SUPPLIED DATA
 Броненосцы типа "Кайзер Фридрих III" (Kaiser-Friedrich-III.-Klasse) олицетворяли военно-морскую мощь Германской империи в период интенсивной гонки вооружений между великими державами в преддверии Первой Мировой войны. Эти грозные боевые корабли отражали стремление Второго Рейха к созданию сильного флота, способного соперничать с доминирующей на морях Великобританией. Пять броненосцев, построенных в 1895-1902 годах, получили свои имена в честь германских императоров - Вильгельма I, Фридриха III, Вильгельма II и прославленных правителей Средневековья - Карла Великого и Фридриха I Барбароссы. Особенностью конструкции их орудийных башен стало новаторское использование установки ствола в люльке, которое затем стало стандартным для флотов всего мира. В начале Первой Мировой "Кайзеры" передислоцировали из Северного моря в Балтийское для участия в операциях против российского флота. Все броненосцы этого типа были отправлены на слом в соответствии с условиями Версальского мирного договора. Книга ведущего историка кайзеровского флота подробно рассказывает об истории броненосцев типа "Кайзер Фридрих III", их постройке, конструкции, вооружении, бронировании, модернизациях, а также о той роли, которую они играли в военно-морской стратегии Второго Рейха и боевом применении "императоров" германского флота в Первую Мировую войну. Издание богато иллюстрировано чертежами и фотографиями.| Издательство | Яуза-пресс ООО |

==

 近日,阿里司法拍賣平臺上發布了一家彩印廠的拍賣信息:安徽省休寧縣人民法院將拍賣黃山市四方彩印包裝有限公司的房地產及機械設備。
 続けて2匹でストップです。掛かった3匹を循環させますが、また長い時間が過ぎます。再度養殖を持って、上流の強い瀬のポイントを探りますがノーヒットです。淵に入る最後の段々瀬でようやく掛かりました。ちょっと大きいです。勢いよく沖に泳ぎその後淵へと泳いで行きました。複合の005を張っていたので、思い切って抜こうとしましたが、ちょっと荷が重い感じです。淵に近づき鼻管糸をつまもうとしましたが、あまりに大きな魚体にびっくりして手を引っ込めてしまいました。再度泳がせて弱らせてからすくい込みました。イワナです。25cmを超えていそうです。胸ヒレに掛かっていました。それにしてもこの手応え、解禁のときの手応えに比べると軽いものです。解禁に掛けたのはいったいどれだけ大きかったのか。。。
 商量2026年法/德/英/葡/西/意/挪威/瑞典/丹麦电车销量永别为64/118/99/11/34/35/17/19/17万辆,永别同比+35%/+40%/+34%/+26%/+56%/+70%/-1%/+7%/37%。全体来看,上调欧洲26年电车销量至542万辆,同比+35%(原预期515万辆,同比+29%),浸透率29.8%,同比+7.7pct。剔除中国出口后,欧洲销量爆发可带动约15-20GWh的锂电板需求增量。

...

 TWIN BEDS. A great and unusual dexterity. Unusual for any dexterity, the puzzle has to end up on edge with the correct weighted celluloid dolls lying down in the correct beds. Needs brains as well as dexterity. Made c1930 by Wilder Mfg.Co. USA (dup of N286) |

ACTIVITY
From the listing above, the lines starting with the one that has "続けて2匹でストップです。掛" and running through the one that has "商量2026年法/德/英/葡" should be copied exactly, ends included.

ANSWER SECTION
 続けて2匹でストップです。掛かった3匹を循環させますが、また長い時間が過ぎます。再度養殖を持って、上流の強い瀬のポイントを探りますがノーヒットです。淵に入る最後の段々瀬でようやく掛かりました。ちょっと大きいです。勢いよく沖に泳ぎその後淵へと泳いで行きました。複合の005を張っていたので、思い切って抜こうとしましたが、ちょっと荷が重い感じです。淵に近づき鼻管糸をつまもうとしましたが、あまりに大きな魚体にびっくりして手を引っ込めてしまいました。再度泳がせて弱らせてからすくい込みました。イワナです。25cmを超えていそうです。胸ヒレに掛かっていました。それにしてもこの手応え、解禁のときの手応えに比べると軽いものです。解禁に掛けたのはいったいどれだけ大きかったのか。。。
 商量2026年法/德/英/葡/西/意/挪威/瑞典/丹麦电车销量永别为64/118/99/11/34/35/17/19/17万辆,永别同比+35%/+40%/+34%/+26%/+56%/+70%/-1%/+7%/37%。全体来看,上调欧洲26年电车销量至542万辆,同比+35%(原预期515万辆,同比+29%),浸透率29.8%,同比+7.7pct。剔除中国出口后,欧洲销量爆发可带动约15-20GWh的锂电板需求增量。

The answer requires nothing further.